Isso pode ser observado nos números. No Brasil, a qualidade dos trabalhos publicados por homens e por mulheres -medido pela quantidade de vezes em que um estudo é citado em outros trabalhos, que é chamado de “impacto”- também é semelhante.

As brasileiras recebem 0,74 citação por estudo publicado, enquanto os cientistas homens do país têm 0,81 citação em seus trabalhos. O impacto dos artigos científicos publicados por homens e por mulheres é semelhante até nos países em que a produção de ciência é bastante desigual.

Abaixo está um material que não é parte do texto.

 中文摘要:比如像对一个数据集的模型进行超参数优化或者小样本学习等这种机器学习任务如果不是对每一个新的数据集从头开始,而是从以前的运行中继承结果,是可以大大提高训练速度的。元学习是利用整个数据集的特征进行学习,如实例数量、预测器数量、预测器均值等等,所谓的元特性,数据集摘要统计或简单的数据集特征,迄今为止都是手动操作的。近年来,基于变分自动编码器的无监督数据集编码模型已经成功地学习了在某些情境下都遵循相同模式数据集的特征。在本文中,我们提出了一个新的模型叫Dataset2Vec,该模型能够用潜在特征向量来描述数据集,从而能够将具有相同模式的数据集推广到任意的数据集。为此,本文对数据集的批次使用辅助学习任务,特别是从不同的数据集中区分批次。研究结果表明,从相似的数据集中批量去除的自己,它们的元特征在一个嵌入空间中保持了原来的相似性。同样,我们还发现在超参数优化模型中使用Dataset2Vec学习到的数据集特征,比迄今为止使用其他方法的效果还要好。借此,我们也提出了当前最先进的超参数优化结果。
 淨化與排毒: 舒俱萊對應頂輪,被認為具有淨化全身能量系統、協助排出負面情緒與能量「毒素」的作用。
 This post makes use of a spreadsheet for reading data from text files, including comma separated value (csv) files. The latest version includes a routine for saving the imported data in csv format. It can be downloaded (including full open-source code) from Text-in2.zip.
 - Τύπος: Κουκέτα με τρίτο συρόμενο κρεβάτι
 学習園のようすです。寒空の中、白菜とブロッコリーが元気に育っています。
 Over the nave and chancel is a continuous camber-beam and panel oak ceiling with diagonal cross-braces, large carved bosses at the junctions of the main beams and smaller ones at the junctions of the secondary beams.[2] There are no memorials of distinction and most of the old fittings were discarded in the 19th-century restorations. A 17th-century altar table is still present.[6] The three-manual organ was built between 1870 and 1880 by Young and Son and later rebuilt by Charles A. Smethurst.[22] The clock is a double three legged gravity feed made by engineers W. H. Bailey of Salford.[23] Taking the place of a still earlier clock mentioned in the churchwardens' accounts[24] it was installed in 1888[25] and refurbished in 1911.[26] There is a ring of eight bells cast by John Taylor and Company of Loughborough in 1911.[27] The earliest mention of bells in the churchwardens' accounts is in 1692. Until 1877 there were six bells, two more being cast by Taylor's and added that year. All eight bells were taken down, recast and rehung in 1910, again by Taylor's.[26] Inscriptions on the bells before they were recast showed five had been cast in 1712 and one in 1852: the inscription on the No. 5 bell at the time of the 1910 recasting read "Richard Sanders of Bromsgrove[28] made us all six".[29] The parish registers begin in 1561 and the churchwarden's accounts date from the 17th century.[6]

No Japão, por exemplo, as mulheres são autoras de apenas dois em cada dez trabalhos científicos. Os artigos delas, no entanto, recebem 0,94 citação -número bem próximo do impacto dos trabalhos dos homens daquele país (0,96). O levantamento foi feito com a base de dados da Elsevier, a Scopus, que lista autores de mais de 62 milhões de documentos em cerca de 21,5 mil revistas acadêmicas. Como a identificação de gênero não é necessária em publicações científicas, um segundo processo atribui gênero aos nomes contando com conjuntos de informações de cada país que relacionam nome e sexo com pelo menos 80% de certeza.